Android View classes require specific constructor overloads depending on how the view is created. When inflated from XML, the system calls the two parameter constructor with Context and AttributeSet. The three parameter constructor adds a default style attribute. Kotlin's @JvmOverloads annotation generates all three overloads from a single declaration:

class CircleView @JvmOverloads constructor(
    context: Context,
    attrs: AttributeSet? = null,
    defStyleAttr: Int = 0
) : View(context, attrs, defStyleAttr)

The AttributeSet parameter contains every XML attribute specified on the view tag. The defStyleAttr parameter points to a theme attribute that provides default values for the view's styled attributes. When you create a view programmatically with just a Context, attrs is null and no XML attributes are available.

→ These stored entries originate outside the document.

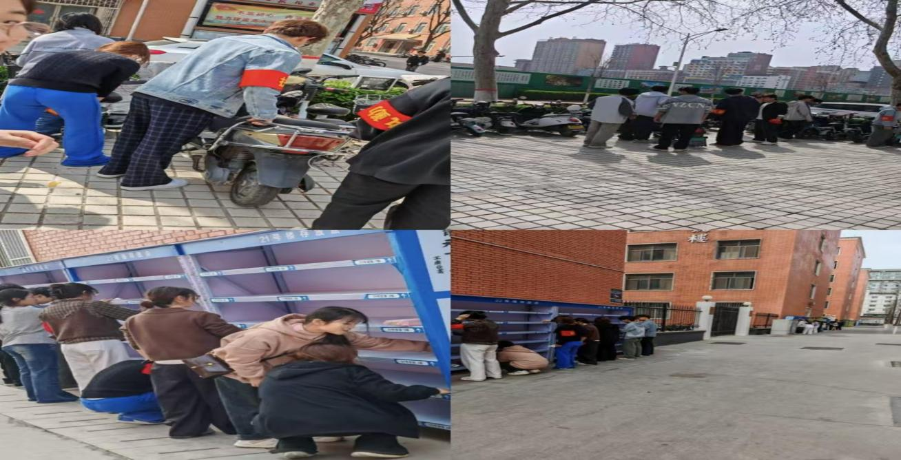 随后,活动进入实践环节,各小组前往指定区域开展服务。在学校生活馆周边,团员们主动将乱停乱放的非机动车逐一摆放整齐,规范校园通行秩序,为师生营造安全、整洁、有序的出行环境。在19、20、21、22号宿舍楼前,团员们手持抹布等工具,对取餐柜进行全面清洁整理,认真擦拭柜体灰尘、清理边角垃圾,消除卫生死角,让取餐环境更加干净便利。活动过程中,大家分工协作、不怕脏不怕累,以饱满热情投入服务,用实际行动诠释雷锋精神的时代内涵。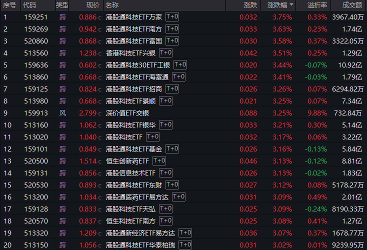 在港股科技股大涨带动下,港股相关ETF当日表现霸榜全市场。数据显示,3只港股通科技ETF涨超3.5%,最高涨幅达3.75%,多只港股相关ETF涨超3%。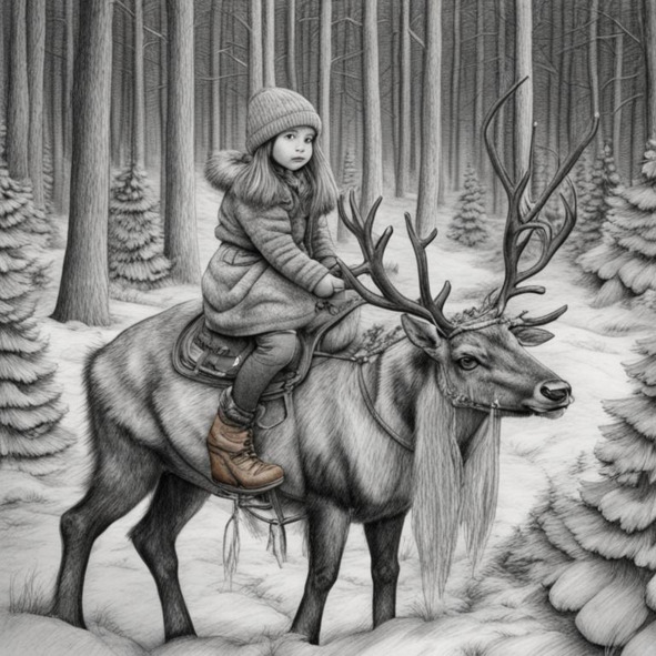 Как-то раз на очередной экскурсии по зимнему лесу девочка отстала от ребят и углубилась в лесную чащу. Она знала, что там должен жить величественный Северный Олень, который один раз помог девочке Герде найти своего друга Кая.

Drawing with onDraw() and Canvas

The onDraw() method is where you render your view's content. Android calls it whenever the view needs to be redrawn, which happens after invalidate() is called or when the view first becomes visible. The method receives a Canvas object that provides drawing primitives:

private val paint = Paint(Paint.ANTI_ALIAS_FLAG).apply {
    color = Color.RED
    style = Paint.Style.FILL
}

override fun onDraw(canvas: Canvas) {
    val cx = width / 2f
    val cy = height / 2f
    val radius = minOf(cx, cy) * 0.8f
    canvas.drawCircle(cx, cy, radius, paint)
}

Two performance rules apply inside onDraw(). First, never allocate objects. The method is called on every frame during animations, and allocations trigger garbage collection pauses that cause dropped frames. Create Paint, Rect, Path, and other drawing objects as class fields and reuse them. Second, minimize the drawing area. Use canvas.clipRect() to restrict drawing to the invalidated region when possible.